Esquema de comunicación ideado por la Escuela Invisible (Escuela de Palo Alto). Nicoletis
Efectivamente, el lector (o lectora) ha acertado: este ejemplo no es sino una
parodia de lo que a diario nos ocurre cuando nos comunicamos de forma oral (y,
en cierto modo, también de forma escrita, como puede mostrar el teatro, que
se encuentra a caballo entre ambas). Ninguna abuela en su sano juicio tomaría
la aserción de la muchacha por una mera transmisión de un mensaje, como sí
parece desprenderse del modelo tradicional de la comunicación. Aparte de
preguntarle si tiene fiebre, hambre o le falta cualquier tipo de comodidad auxiliar,
la anciana probablemente entendería que con la frase “¡Qué frío tengo!” la chica
le estaría pidiendo permiso para encender la lumbre, cerrar las ventanas o
enchufar la estufa.
En otras palabras, cuando comunicamos no estamos limitándonos al nivel
meramente semántico (para entendernos, el del diccionario), según el cual una
frase como “¡Qué frío tengo!” significa ‘Qué frío tengo’, sino que estamos
haciendo uso también del nivel pragmático (para entendernos, el de la calle),
según el cual siempre hacemos cosas con palabras, en este caso, pedir permiso,
siguiendo ciertas normas tácitas de cortesía, para hacer algo que disminuya el
frío de la sala de estar o sugiriendo al interlocutor que lo haga.

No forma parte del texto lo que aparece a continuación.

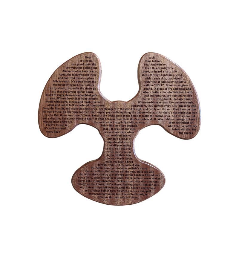 16″ MACHINE CUT MAHOGANY MACHINIST MATE PROP WITH SNIPES LAMENT LASER ENGRAVED, CAN BE PERSONALIZED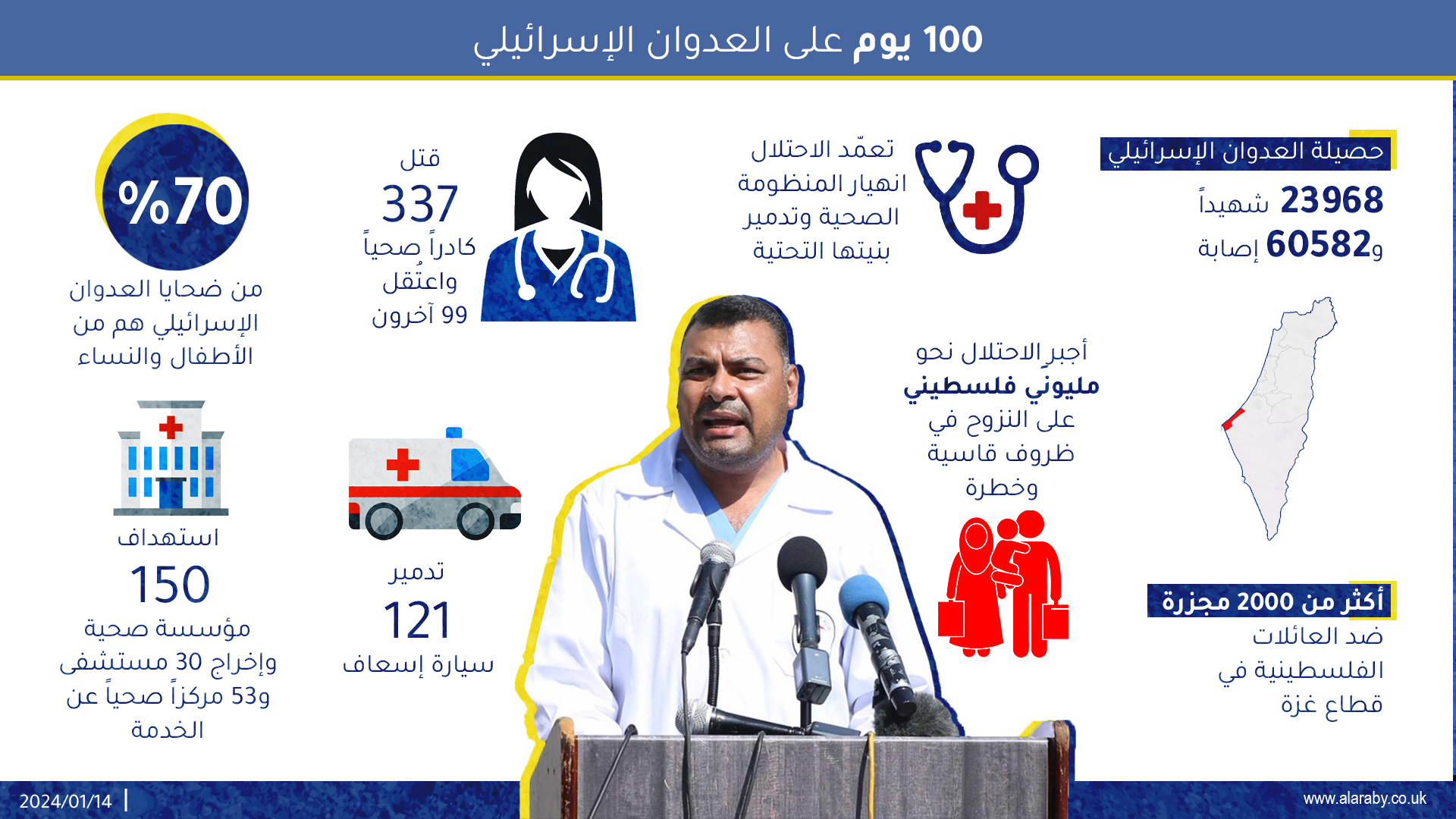 حسب تصريحات أشرف القدرة، المتحدث باسم وزارة الصحة، فإن حصيلة 100 مئة يوم من العدوان الإسرائيلي ناهزت 24 ألف شهيد ارتقوا خلال أكثر من 2000 مجزرة، لا يبدو أنها كافية كي تعتبر دول عدة في العالم أن ما تقترفه إسرائيل في حربها على غزة "إبادة جماعية".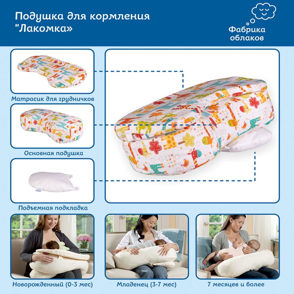 При кормлении часто приходится принимать позы, которые не удобны маме но лучше для ребенка. После чего появляется ломота в спине и общее окаменение тела. Однако, это легко поправимо! Вам поможет - подушка для кормления Лакомка. Она корректируется по высоте, что обеспечивает ее трехуровневая конструкция. На любом этапе развития (0-1,5 года) ребенку и маме будет комфортно. С помощью Лакомка Вы забудете о дискомфорте, и кормление станет доставлять больше радости. Для кормления новорожденных понадобится все три составляющих подушки: основная подушка, подъемная подкладка, помогающая уложить младенца в здоровую и удобную для него позу, а также матрасик средней жесткости, на котором крохе будет удобно кушать, но спать не захочется. С рождения до 3 месяцев Вам понадобятся при кормлении: o средняя часть (основа) o маленькая подушка (подкладка) o матрасик для грудничков С 3 до 7 месяцев: o средняя часть (основа) o маленькая подушка (подкладка).

Tal vez resulte interesante resaltar que este hacer-cosas-con-palabras, tan
evidente quizá para nosotros ahora, ha necesitado prácticamente veinte siglos
de historia de la Lingüística para aparecer. Y tal vez resulte igualmente
paradójico que su origen no se haya encontrado, precisamente, en la Lingüística,
sino en la Filosofía.
Efectivamente, es un filósofo del lenguaje como Austin quien acuña el concepto
de ‘acto de habla’ (speech act) y su discípulo Searle quien lo desarrolla con más
detalle. La idea es prístina si sabemos un poquito de inglés y podemos entender
el título de su libro cumbre: How to Do Things With Words (1955).
Cuando damos los buenos días a alguien no estamos informándole de si hace
buen día o no, sino que estamos saludándole o deseándoselos. Cuando
decimos “mis condolencias” en un velatorio, no estamos ofreciendo las
condolencias a nadie en concreto (es probable que no sepamos ni qué es eso),
sino que estamos intentando empatizar con la persona que acaba de perder un
ser querido, mostrándole nuestro respeto y nuestra comprensión hacia su dolor.

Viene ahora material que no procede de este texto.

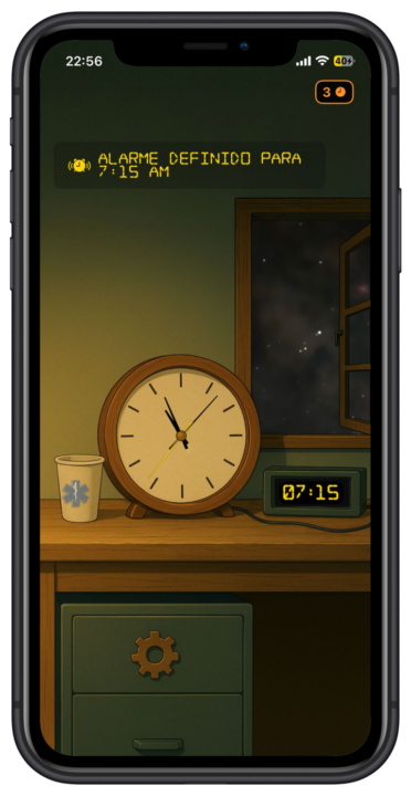 Com um cenário muito simples e intuitivo, a aplicação mostra um relógio analógico e outro digital, sobre uma secretária, posicionada em frente a uma janela, a partir da qual se observa a noite.
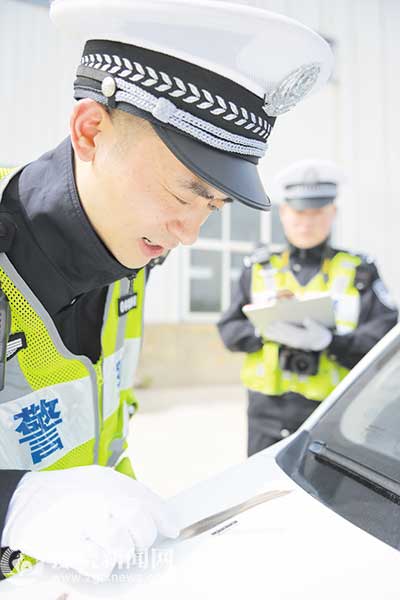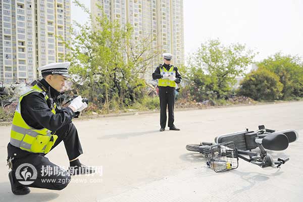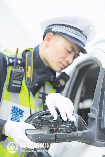 4月27日,張恒菖對肇事車輛的碰撞痕跡進行勘驗,然后向指揮中心匯報情況。

Cuando gritamos, indignados, “¿Me va a atender de una vez?” en un restaurante
de la capital (o de cualquier otro sitio, que lentos hay en todas partes), no
estamos preguntando si de verdad nos va a atender, sino que estamos exigiendo
que lo haga de una vez por todas.
El comunicar, entonces, no se limita a pasar del pensamiento al lenguaje o
viceversa: es una actividad muchísimo más compleja que implica la intención de
realizar acciones a la vez que se pronuncian las palabras. El esquema tradicional
de la comunicación tan solo es aplicable, en realidad, a las máquinas.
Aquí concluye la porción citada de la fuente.